At the core of AutoTunnel's functionality is the ability to create routing policies on a per-user or per-vlan basis based on instructions from a radius authentication server. In order to achieve this functionality, AutoTunnel leverages the abilities of the bmx6 routing protocol, iptables+ebtables physical device tagging, and iproute2 policy routing features. AutoTunnel makes use of the 'Framed Route' radius attribute to communicate the gateway that should be used by a partiular user in order to reach the internet. AutoTunnel extracts this information, and creates a bmx6 'tunnel out' directive, exporting the route to a vlan-specific routing table in the kernel. Because all AutoTunnel-created vlans are attached to the primary lan bridge device, ebtables must be used in conjunction with iptables to give an identifying mark to those packets that come in over a particular bridge port (vlan). Finally, iproute is used to examine identifying marks, and direct route lookups to the appropriate routing table.
There is a good degree of flexibility in the auth stack, but the reference implementation is built using FreeRadius2 running on top of Debian 7. AutoTunnel can be integrated into existing radius facilities. AT auth compoenents are comprised of radius site confiugration directives, radius domain proxy settings, and a radius exec module responsible for exporting user session state to the edge components.
Additionally, auth server network reachability is facilitated by round-robin dns naming. Operators may use whatever dns server they please, but the reference implementation of AutoTunnel uses PowerDNS.
While it would certainly be possible to extend AutoTunnel support to other routing platforms, it currently is designed to be used with pfSense, a routing-focused distribution of bsd. In partiulcar it leverages a modified version of the 'pfBlocker' module for pfSense 2.1. Based on user state information exported from the auth server, firewall policies are created to allow authenticated users to egress the free network and access peer networks. This is acheived by creating a default-drop policy on free network-facing interfaces, and dynamically adding authenticated users to a pass alias.
AutoTunnel is intended for use inside free and community networks that employ the bmx6 routing protocol. Its functionalities could be extended to support any routing protocol which allows for table-specific route export.
To understand how AutoTunnel works, let's take an example network, and run through some scenarios. Let's call our example network Free Network X (FNX for short). Inside of FNX, we have two competing gateway providers, Gateway Alliance and Gateway Brotherhood (GWA and GWB). FNX itself is a bmx6-routed network with distributed/diverse ownership. Participants may access any resouces inside FNX free of charge, including some community run low-performance web proxies, local media channels, and local mirrors of educational resources. Those who wish to access the wider internet without hinderance must contract with a gateway operator. Gateway customers are assigned usernames in the form of [email protected] -- for our case, let's imagine two different customers, [email protected] and [email protected]
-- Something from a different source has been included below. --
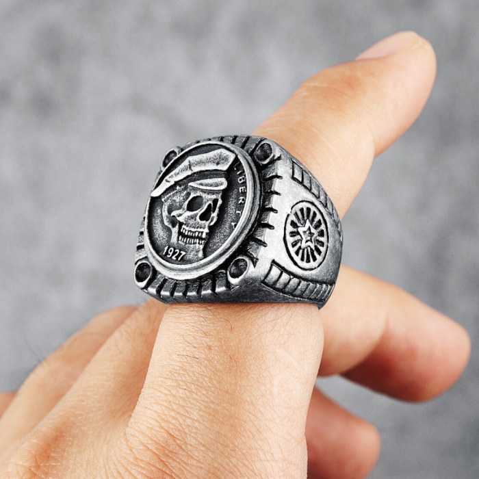Grosse chevalière homme acier biker tête de mort liberty 1927

While other schemes are certainly possible, the intended use-mode is one in which gateway operators actively coordinate their configurations. Each operator is assigned one or more vlans to use, in order to avoid vlan conflicts. Additionally, because route export is based on the name of the bmx gateway, gateway names must also be coordinated at the network level. While VLAN and gateway name coordination could be automated, they should scale decently even with manual coordination.
For our purposes, we'll make a few assumptions: while GWA has been assigned VLAN 10 and their internet-bound traffic flows througha router named 'qmp-gwa', GWB has been assigned VLAN 20, and their internet-bound traffic flows through a router named 'qmp-gwb'.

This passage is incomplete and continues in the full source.